_Exercise prompt:_
Filter out all lines without the word "regiji" from the data below, please, and copy the rest.

Stored entries:
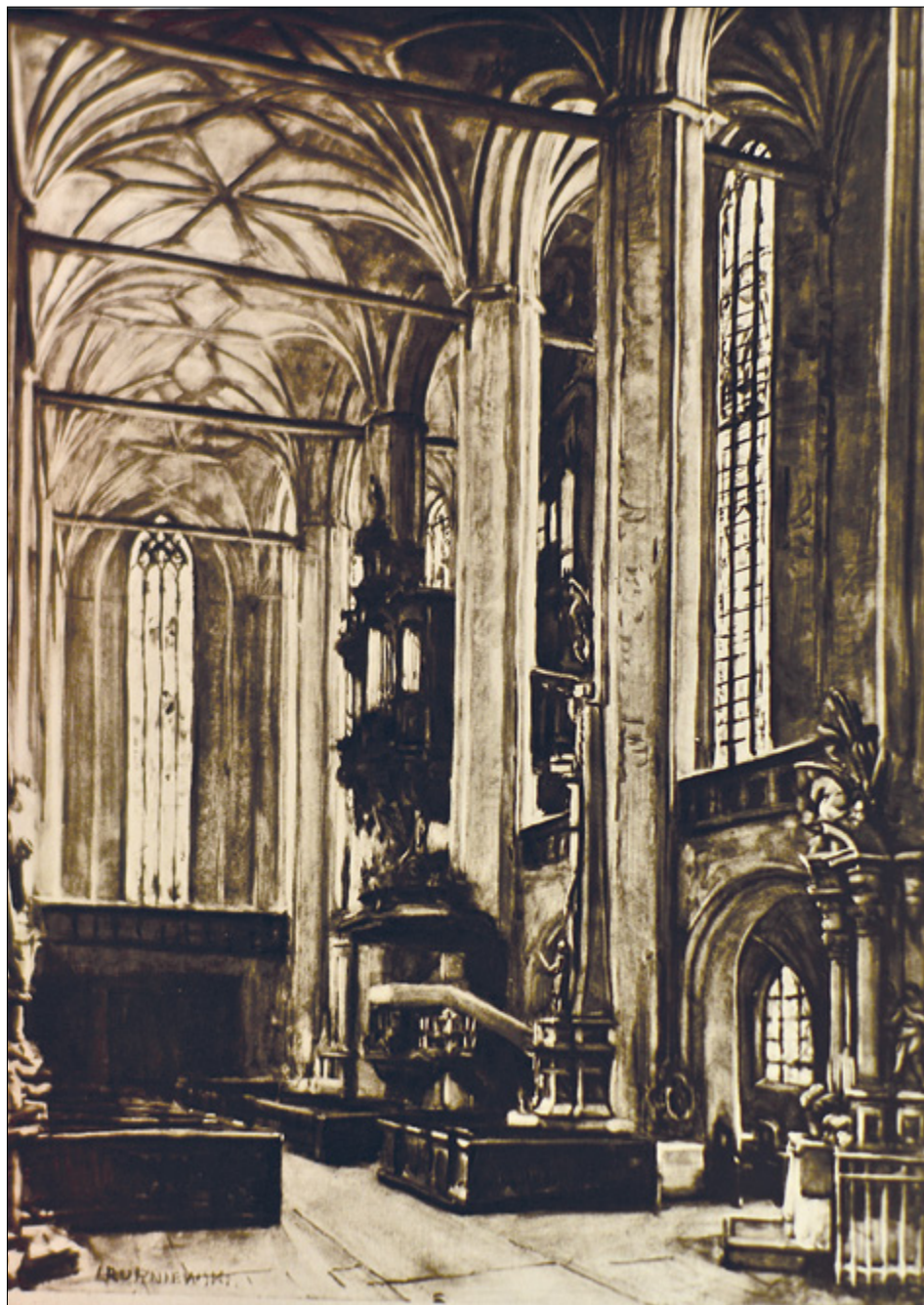
Il. 9. Jerzy Rupniewski, Wnętrze kościoła NMP w Toruniu , sygn. l.d.: I. RUPNIEWSKI. Fot. wg: WYSTAWA JUBILEUSZOWA 1947, brak nr il.
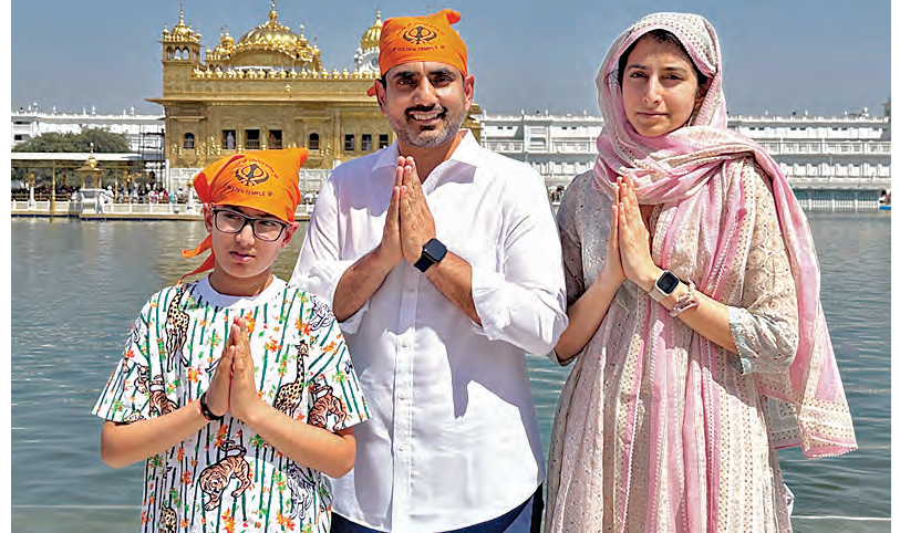
అదివారం అమృత్ సర్ స్వర్ణ దేవాలయంలో మంత్రి లోకేశ్ భార్య బ్రహ్మణి, కుమారుడు దేవాన్స్
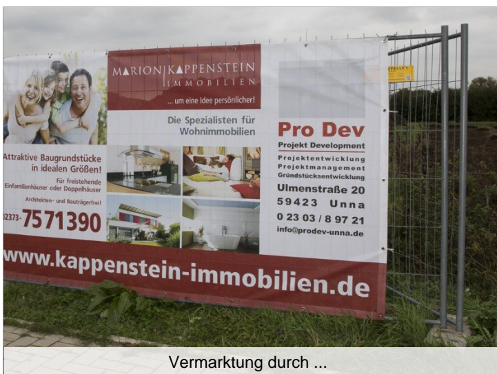
Vermarktung durch ...
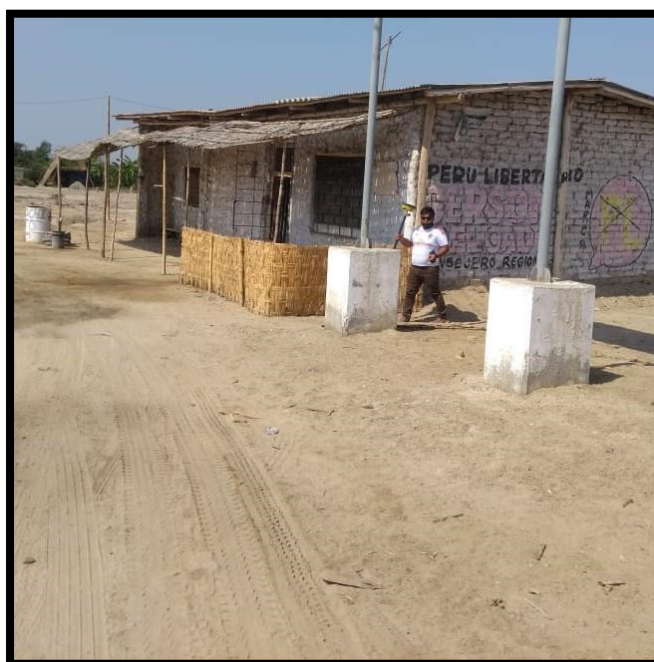
Figura 08: Lectura de puntos de lotes existente .
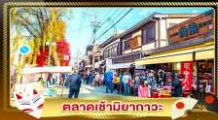
ตลาดซามิยากาวะ
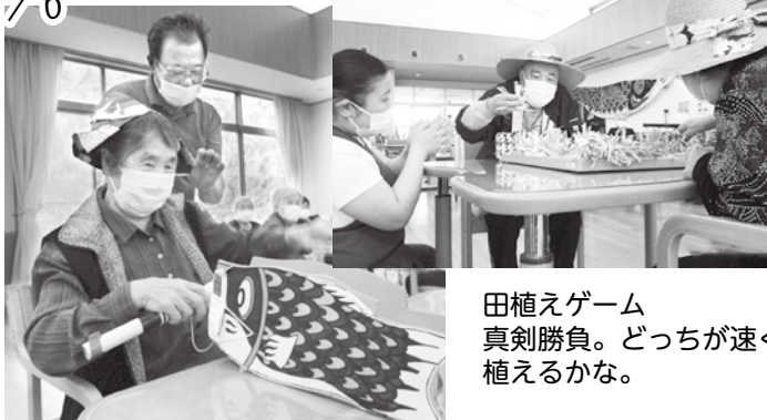
田植えゲーム 真剣勝負。どっちが速く植えるかな。
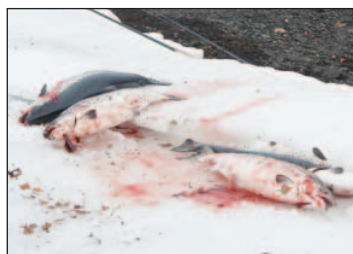
HEMMELIG: Forklaringen på hvorfor politiet har etterforsket en sak der Grieg seafood har innrømmet skyld for å ha mistet 15.000 fisk, ser ut til å bli en hemmelighet. (Arkivfoto)

Statsadvokaten ønsker ikke å fortelle hva politiet har forklart rundt tidsbruken under etterforskningen av lakserømmingen i fjor.
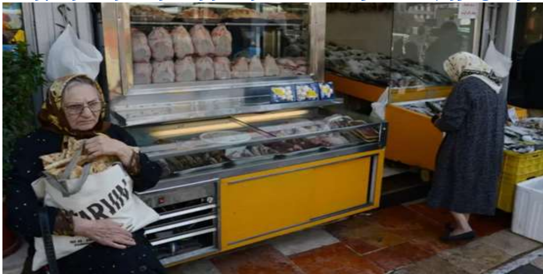
قیمت گوشت و مرغ در یک سال اخیر بیشترین نرخ رشد را داشته است

به نوشته بهرنگ تاج‌دین خبرنگار اقتصادی بی بی سی فارسی با اسناد به آمارهای رسمی در مهرماه امسال گرانی در ایران شتاب گرفت و کسری تراز تجارت خارجی افزایش یافت. طبق بررسی‌های مرکز آمار ایران، نرخ تورم ماهانه از ۲ درصد در شهریور به ۲,۴ درصد در مهر ۱۴۰۲ افزایش یافت. این رقم به این معنی است که کالاها و خدمات مصرفی مردم در مهرماه به طور متوسط ۲,۴ درصد گران‌تر از شهریورماه بود.
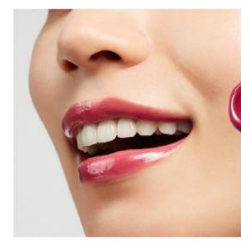
V03 Rapture Rose
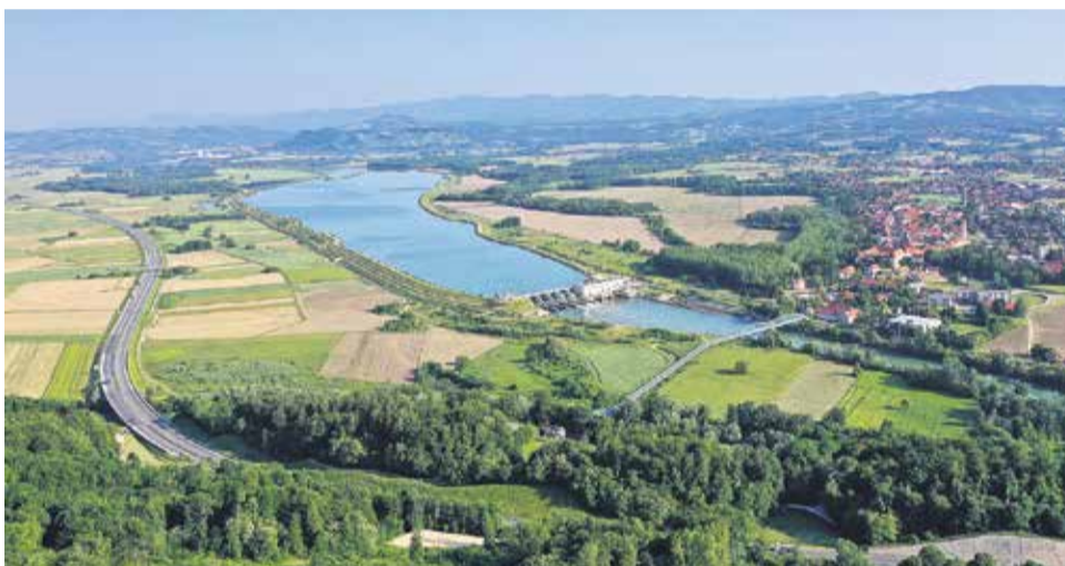
Po (še vedno nedokončanem) projektu izgradnje hidroelektrarn na spodnji Savi je pred Posavjem nov velik strateški državni projekt – drugi blok jedrske elektrarne, ki naj bi regiji prinesel nov razvojni pospešek.

odgovorni lastniki podjetij, ki ustvarjene dobičke namenjajo za prihodnji razvoj podjetij, kapital posavskega gospodarstva se približuje 3 milijardam evrov (2.919 milijonov evrov, ind. 103,3), vrednost investicij je lani znašala slabih 242 milijonov evrov (ind. 114,2), kar je spodbudno, a še vedno pod ravni investicij pred 'kronskim' časom. Opozoril je tudi, da imajo nekatera podjetja (zlasti tista v tuji lasti), ki se želijo širiti na obstoječih lokacijah, težave z zakonodajo, konkretno s predlogom uredbe o varovanju vodnih virov v mestni občini Krško, ki otežuje gradnjo novih objektov v Poslovni coni Drnovo. Na javni predstavitvi Pobude za JEK2 je bilo podobna opozorila slišati tudi zaradi (preobsežnega) območja državnega prostorskega načrta za ta projekt in predvidenega območja omejene rabe prostora zaradi (novega) jedrskega objekta. 1.954 samostojnih podjetnikov v regiji, ki so lani zaposlovali 1.893 delavcev, je prihodke povečalo na skoraj 292 milijonov evrov (ind. 105,3), pri tem pa so ustvarili 19,9 milijona evrov (ind. 101,8) neto podjetnikovega dohodka, 86,7 milijona evrov (ind. 105,2) dodane vrednosti oz. 45.813 evrov (ind. 107,0) dodane vrednosti na zaposlenega. 20 posavskih zadrug je povečalo prihodke na dobrih 36 milijonov evrov (ind. 101,5), dodano vrednost na zaposlenega na 33.349 evrov (ind. 110,6), žal pa so
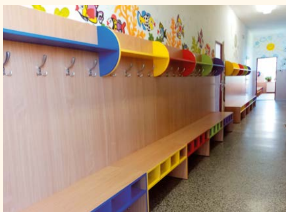
Šatny žáků v ZŠ.

Na prvním stupni základní školy po dvaceti letech prošly rekonstrukcí šatny pro žáky, ale i podlaha. Barvy rozzářily nejen prostory, ale i očka žáků. Sami si mohli vybrat, které barevné místo zaujmou. Čeká nás ještě nová podlaha v prvním patře. Na ni se těší hlavně paní školnice, protože po tomto linoleu sama chodila, když byla ještě v první třídě.

_Exercise response:_
Po (še vedno nedokončanem) projektu izgradnje hidroelektrarn na spodnji Savi je pred Posavjem nov velik strateški državni projekt – drugi blok jedrske elektrarne, ki naj bi regiji prinesel nov razvojni pospešek.
odgovorni lastniki podjetij, ki ustvarjene dobičke namenjajo za prihodnji razvoj podjetij, kapital posavskega gospodarstva se približuje 3 milijardam evrov (2.919 milijonov evrov, ind. 103,3), vrednost investicij je lani znašala slabih 242 milijonov evrov (ind. 114,2), kar je spodbudno, a še vedno pod ravni investicij pred 'kronskim' časom. Opozoril je tudi, da imajo nekatera podjetja (zlasti tista v tuji lasti), ki se želijo širiti na obstoječih lokacijah, težave z zakonodajo, konkretno s predlogom uredbe o varovanju vodnih virov v mestni občini Krško, ki otežuje gradnjo novih objektov v Poslovni coni Drnovo. Na javni predstavitvi Pobude za JEK2 je bilo podobna opozorila slišati tudi zaradi (preobsežnega) območja državnega prostorskega načrta za ta projekt in predvidenega območja omejene rabe prostora zaradi (novega) jedrskega objekta. 1.954 samostojnih podjetnikov v regiji, ki so lani zaposlovali 1.893 delavcev, je prihodke povečalo na skoraj 292 milijonov evrov (ind. 105,3), pri tem pa so ustvarili 19,9 milijona evrov (ind. 101,8) neto podjetnikovega dohodka, 86,7 milijona evrov (ind. 105,2) dodane vrednosti oz. 45.813 evrov (ind. 107,0) dodane vrednosti na zaposlenega. 20 posavskih zadrug je povečalo prihodke na dobrih 36 milijonov evrov (ind. 101,5), dodano vrednost na zaposlenega na 33.349 evrov (ind. 110,6), žal pa so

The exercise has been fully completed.